The last output should be a list of all the tables that have been created in the database.

SHOW ALL

Now, it is time to load the data into the tables. To easily do that, you can run the following commands to download and run the a Shell Script that does all the loading process into the RDS MySQL Database!

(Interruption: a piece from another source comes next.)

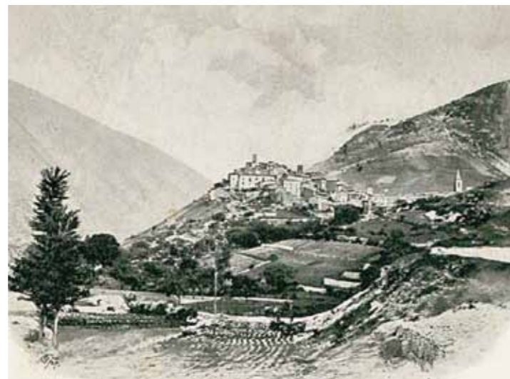
3. Scanno, l'Aquila megye, Abruzzo régió, archív felvétel

„A piktúra teljesen megfelel, mint narkotikum, én pedig állandóan élek vele” – írta Aba-Novák barátjának, Márk Lajosnak 1929 novemberében Rómából. Szinte az egész életét Itáliában töltötte, s mivel az átépítés alatt álló római intézet még csak felibe-harmadába volt képes megfelelő módon fogadni az ösztöndíjasokat (a teológusok miatt nőművész például nem is lehetett közöttük), így Aba-Novák, összekötve a kénytelent a kellemessel és a hasznossal, az év fo-

TIP: This should take about 3 minutes to complete!

aws s3 cp s3://ee-assets-prod-us-east-1/modules/31e125cc66e9400c9244049b3b243c38/v1/downloads/etl-ttt-workshop/load_TPC-DS_MySQL.sh .
. load_TPC-DS_MySQL.sh $mysqlendpoint

You can see all the tables getting loaded one by one...

LOAD

And here's a snippet of the Shell Script code.

SCRIPT

NOTE: You don't have to create it but if you want just to have a look at the script, simply run the following commands:

cd /tmp/dsd/ 
cat load_TPC-DS_MySQL.sh

3. Unloading Tables (in CSV) from RDS MySQL Database and Uploading to S3

Finally, running the following commands will:

  • Extract the 3 required tables (web_page, customers and income_band) from the MySQL database;
  • Save these tables in the local temporary directory (in CSV format);
  • And, subsequently, upload these CSV files into the Workshop's S3 Bucket's path: " .../etl-ttt-demo/csv_tables/"
mysql -h ${mysqlendpoint} -u etluser -petltttdemopwd -Dtpcds --batch -e "select * from web_page" | sed 's/\t/","/g;s/^/"/;s/$/"/;s/\n//g' > /tmp/dsd/csv_tables/web_page.csv
mysql -h ${mysqlendpoint} -u etluser -petltttdemopwd -Dtpcds --batch -e "select * from customer" | sed 's/\t/","/g;s/^/"/;s/$/"/;s/\n//g' > /tmp/dsd/csv_tables/customer.csv
mysql -h ${mysqlendpoint} -u etluser -petltttdemopwd -Dtpcds --batch -e "select * from income_band" | sed 's/\t/","/g;s/^/"/;s/$/"/;s/\n//g' > /tmp/dsd/csv_tables/income_band.csv
aws s3 cp --recursive /tmp/dsd/csv_tables/ s3://$BUCKET_NAME/etl-ttt-demo/csv_tables/

CSV


You are finished populating the RDS MySQL Database with TPC-DS sample data. Now, feel free to explore the Amazon S3 workshop's bucket again (etl-ttt-demo-${AWS_ACCOUNT_ID}-${AWS_REGION}) and check the path and files inside the etl-ttt-demo/csv_tables/ path. Once you are ready you can move on to Part 2 - AWS GLUE COMPONENTS!